Ventresca, 380 U.S. at 108, 85 S. Ct. at 746 (citations omitted).
¶65 The Supreme Court’s exhortation to resolve questionable cases in favor of upholding warrants is much more subtle and sophisticated than we have previously implied. I would interpret the forgoing to mean that when an affidavit is not purely conclusory, but rather details the underlying circumstances and supplies some reason for crediting the source of the information, a reviewing court should resolve a doubtful case with a preference for upholding the warrant. In the instant case, the confidential informant’s report was insufficient because the search warrant application provided no evidence of the confidential informant’s veracity. Additionally, the “anonymous citizen’s” report was not corroborative because it was merely a collection of bare assertions and thus could not supply an independent reason for crediting the confidential informant’s report. However, this is not to imply, as the Court does, that information not acquired through “independent police investigation” can never corroborate an insufficient informant’s report unless it provides a sufficient basis on its own to support probable cause. See Court’s Op. at ¶ 46. It is conceivable that had Detective Hanson provided some of the underlying circumstances surrounding the “anonymous citizen’s” report, there may have been a substantial basis for the judge reviewing the application to conclude that there was a fair probability that contraband or evidence of a crime would be found in the trailer home.

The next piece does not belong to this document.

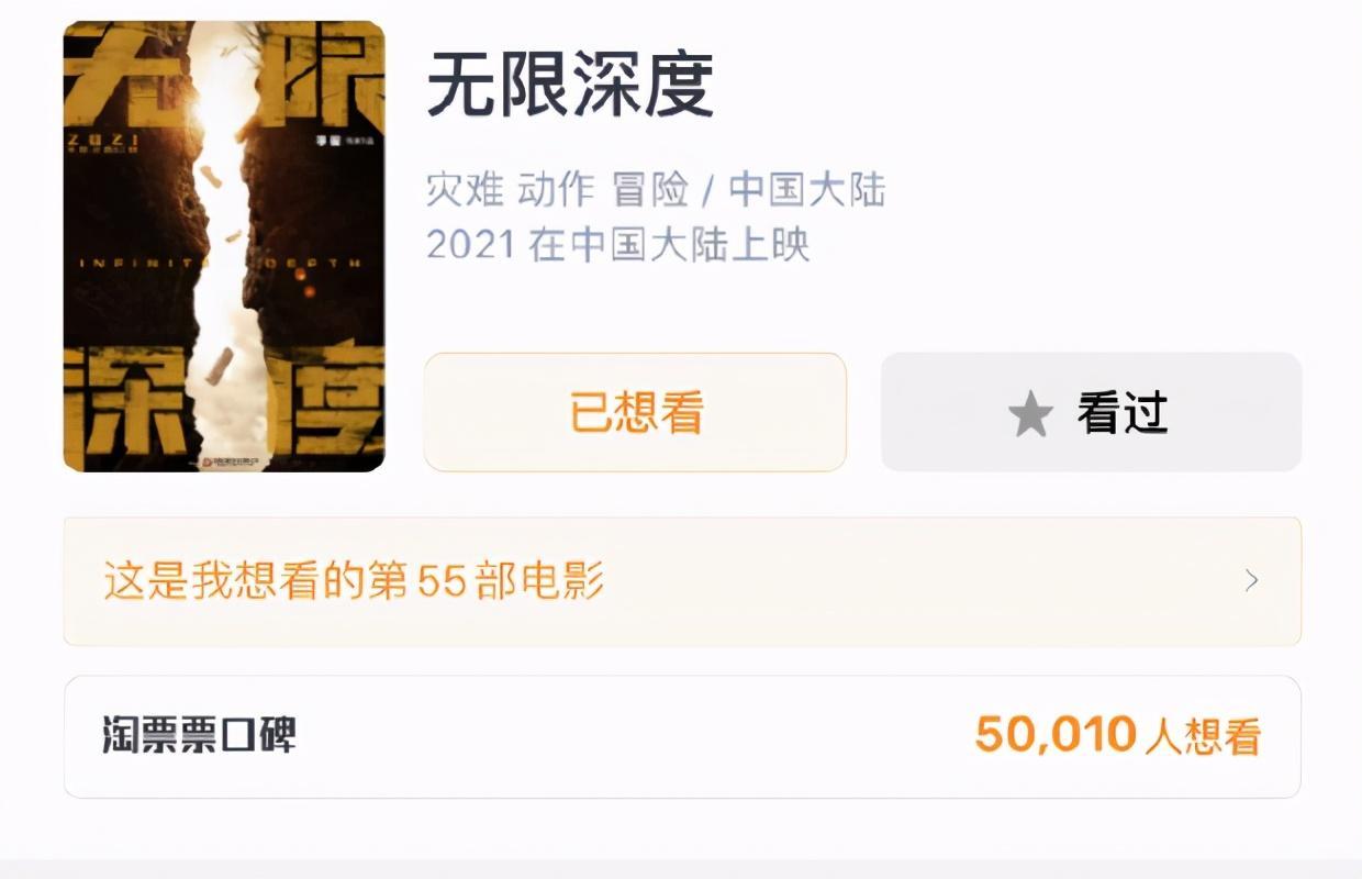 近日,由朱一龙主演的电影《无限深度》尚在紧锣密鼓地紧张拍摄中,这部电影开拍也不过两个月,在淘票票官方平台上想看人数就已经突破了5万!

¶66 In short, for the benefit of law enforcement, I recommend the following advice: A sufficient warrant application should always detail both how the officer acquired the information giving rise to probable cause, and, if the officer is relying on an informant, how the informant acquired his or her knowledge and circumstances which would *429indicate that the informant’s report is worth crediting. For instance, as noted by the majority, Detective Hanson could have indicated how the confidential informant happened to be in the trailer home and this may have provided the judge with grounds for crediting the veracity of the confidential informant’s report. See 2 Wayne R. LaFave, Search and Seizure: A Treatise on the Fourth Amendment § 3.3(f) at 172, (3d ed. 1996) (“[AJnother situation in which the corroboration will suffice to show veracity is that in which the informant has not been working independently, but rather has cooperated closely with the police.”). Regarding the “anonymous citizen’s” report, Detective Hanson could have described the circumstances surrounding how he received the report from the “anonymous citizen,” how he knew the “anonymous citizen,” why he believed the “anonymous citizen” was credible, and how the “anonymous citizen” acquired his or her knowledge.
¶67 For the foregoing reasons, I concur that the warrant application was insufficient. To conclude otherwise would be to render the constitutional search warrant requirement a mere formality. The corroboration of the confidential informant’s report by the tip from the “anonymous citizen” was simply too conclusory to allow a judge to independently determine the existence of probable cause to justify the issuance of a warrant.
JUSTICE GRAY joins in the foregoing concurrence.